KYA na prática: casos de uso
Serviços financeiros
Um agente de IA que opera em nome de um cliente para executar investimentos ou transferências deve demonstrar:
- Que o seu mandante foi verificado por KYC.
- Que tem autorização explícita para operar dentro dos limites definidos.
- Que as suas credenciais são emitidas por um fornecedor de confiança.
E-commerce e marketplaces
Agentes que realizam compras automáticas, comparam preços ou gerem devoluções devem identificar-se perante a plataforma. Isto previne a manipulação de inventários, compras massivas automatizadas e abuso de promoções.
Plataformas de viagens e hotelaria
Agentes que reservam voos, hotéis ou experiências em nome de utilizadores devem vincular a sua atuação a um utilizador verificado, especialmente quando a regulamentação exige a identificação do viajante.
APIs empresariais
Qualquer API que exponha dados sensíveis ou permita operações de escrita deve verificar a identidade e as permissões do agente que a consome — não apenas a API key, mas a identidade verificada do agente e do seu mandante.
Enquadramento técnico do KYA
Standards emergentes
O ecossistema de identidade de agentes está a amadurecer rapidamente:
- Agent Protocol: Standards abertos para comunicação entre agentes que incluem camadas de identificação e autenticação.
- OAuth 2.0 para agentes: Extensões do protocolo OAuth que permitem a delegação de permissões a agentes com escopos granulares.
- Verifiable Credentials (VCs): Credenciais verificáveis emitidas por autoridades de confiança que certificam a identidade e as permissões do agente.
- DID (Decentralized Identifiers): Identificadores descentralizados que permitem aos agentes ter identidades verificáveis sem depender de uma autoridade central.
Arquitetura de confiança
Um sistema KYA robusto baseia-se em:
- Registos de confiança: Registos de agentes verificados e das suas credenciais.

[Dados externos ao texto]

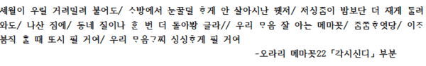 각시에 대한 사랑은 「오라리 메마꼿22–각시신디」에서도 그대로 전해진다. 세월이 우리를 밀쳐내고 등을 돌린다 해도 우리 둘이면 된다. 아무리 힘겨운 날이 와도 서로를 놓지 않겠다는 시인의 의지가 담겨 있다. 가장 가까운 벗으로서의 부부, 나이를 먹어도 변치 않는 그 마음을 메마꼿에 빗대어 되새긴다.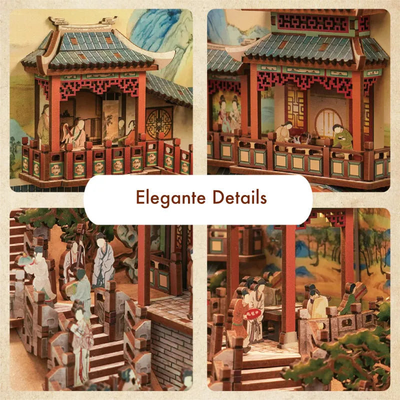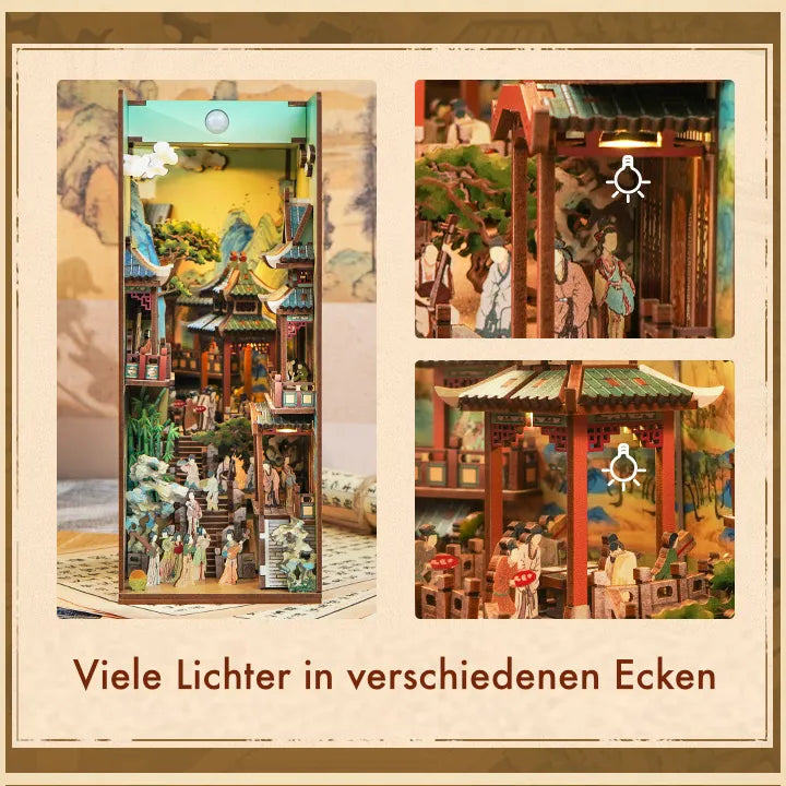 DIY Book Nook - La cultura de la dinastía Song le permite viajar en el tiempo y sumergirse en el pintoresco mundo de la dinastía Song. Experimente la calma y la sabiduría de los eruditos que hallaron inspiración en medio de paisajes, música, ajedrez y pintura. Este escenario en miniatura captura la esencia de la cultura Song e invita a detenerse en la ajetreada vida diaria para disfrutar de la elegancia y profundidad de la antigua civilización china.

- Motores de políticas: Motores que avaliam em tempo real se um agente tem permissão para realizar uma ação específica.
- Pistas de auditoria: Registos imutáveis de todas as ações realizadas por cada agente para rastreabilidade e compliance.
KYA e regulamentação
Embora ainda não exista uma regulamentação KYA específica equivalente às diretivas AML/KYC, a tendência regulamentar é clara:
- EU AI Act: Estabelece obrigações de transparência e rastreabilidade para sistemas de IA, incluindo a identificação do fornecedor e do implementador.
- eIDAS 2.0: O enquadramento europeu de identidade digital contempla a extensão de credenciais verificáveis a entidades não humanas.

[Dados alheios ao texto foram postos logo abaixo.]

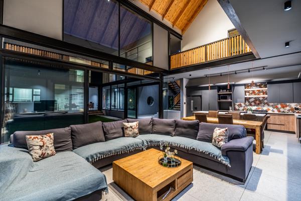 Upstairs, the home offers four additional bedrooms, including a spacious main suite with walk-in wardrobe and full en-suite bathroom. The remaining bedrooms are connected by a central pyjama lounge with views over the pool and garden. The upper level includes characterful features such as exposed wooden ceilings and barn-style doors on the childrens bedrooms, enhancing the warm, family-friendly feel of the home. A large feature window at the end of the hallway offers sweeping views of the game reserve and a perfect spot for quiet reflection.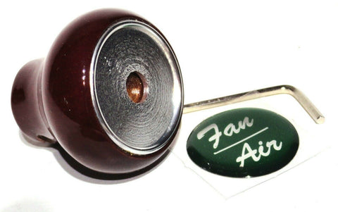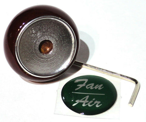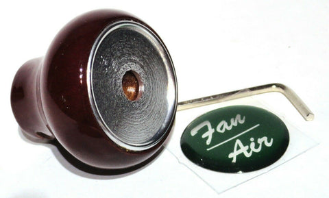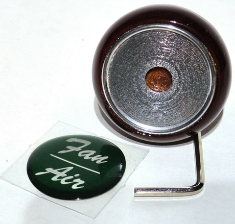 THIS SET CONSISTS OF THE WOOD KNOB AND A GLOSSY PLASTIC STICKER FOR THE TOP OF THE KNOB. THE STICKER IS A 1 INCH DIAMETER WITH THE FAN/AIR IN SILVER LETTERING. THE KNOB IS MOUNTED WITH A SET SCREW AND IT COMES WITH THE ALLEN WRENCH. NEW, BULK PACKAGING. SET.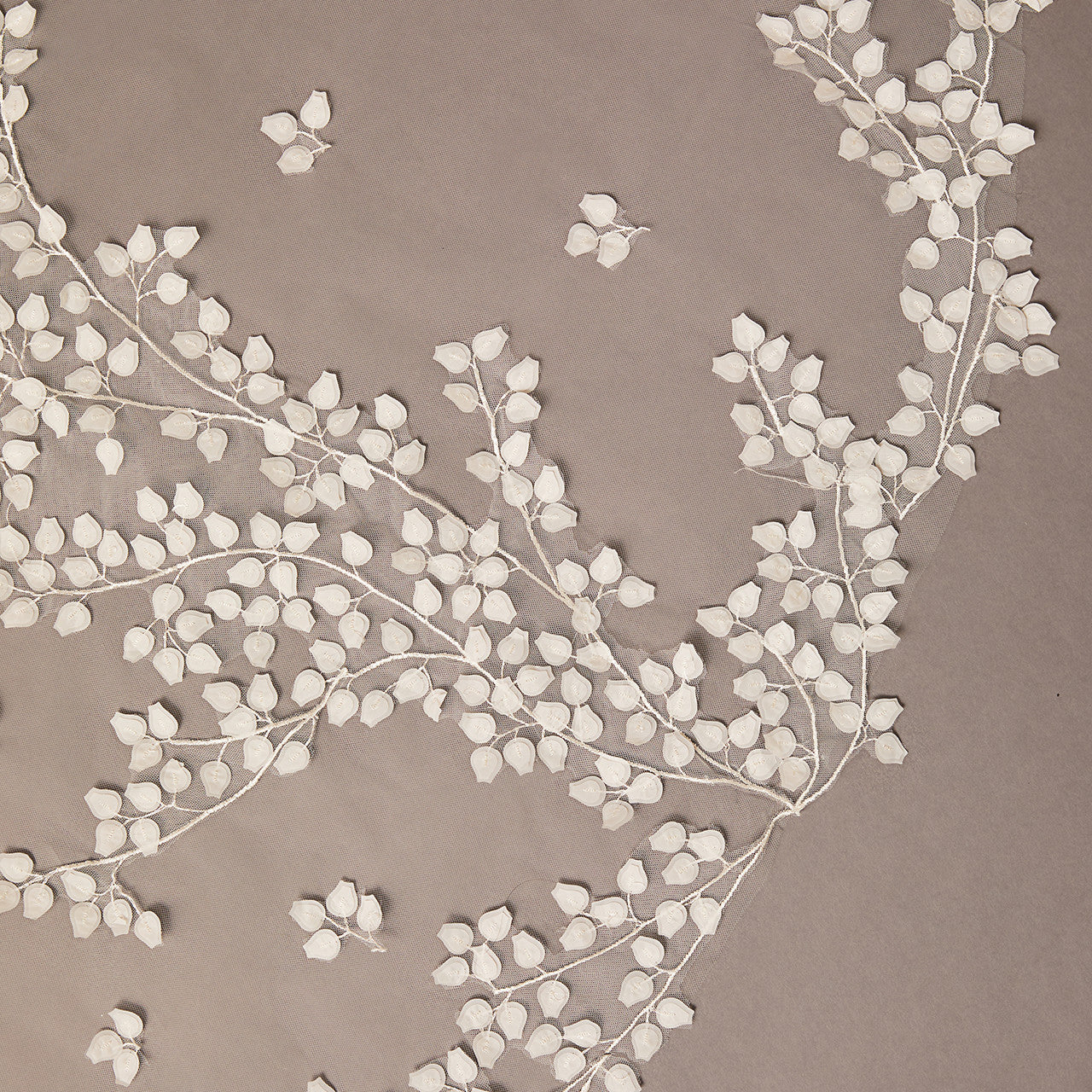 Description: English tulle with scattered organza flower appliques with exaggerated clover cut

- NIST AI RMF: O framework do NIST para gestão de riscos de IA inclui a governança de agentes autónomos.
É previsível que nos próximos anos se desenvolvam regulamentações específicas que obriguem à verificação da identidade dos agentes de IA que operam em setores regulados.

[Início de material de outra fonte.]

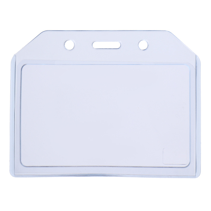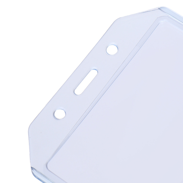 Бейдж горизонтальный. Материал бейджа - ПВХ, цвет - прозрачный. Имеет размер вставки 98х58 мм. Подходят для ношения именных карточек и пропусков.

Perguntas frequentes sobre KYA
O KYA substitui o KYC?
Não. O KYA complementa o KYC. O agente deve estar vinculado a um utilizador ou empresa verificado por KYC. O KYA acrescenta a camada de verificação do próprio agente.
Quem é responsável pelas ações de um agente?
O mandante: a pessoa ou empresa que delegou no agente. O KYA documenta esta cadeia de delegação para que a responsabilidade seja rastreável.
Preciso de KYA se a minha empresa não usa agentes de IA?
Se a sua empresa expõe APIs, serviços web ou plataformas que podem ser consumidos por agentes de terceiros, sim. Não controla quem envia os pedidos, mas pode verificar a identidade do agente que os realiza.
Como se deteta um agente que finge ser humano?
Através de análise comportamental (padrões de navegação, velocidade de interação, fingerprinting), deteção de automatização e, em processos críticos, verificação biométrica que apenas uma pessoa real pode superar.
O KYA afeta o desempenho dos agentes?
Com uma implementação adequada, a verificação acrescenta milissegundos ao processo. Os tokens de sessão permitem verificar uma vez e operar sem fricção adicional durante a sessão ativa.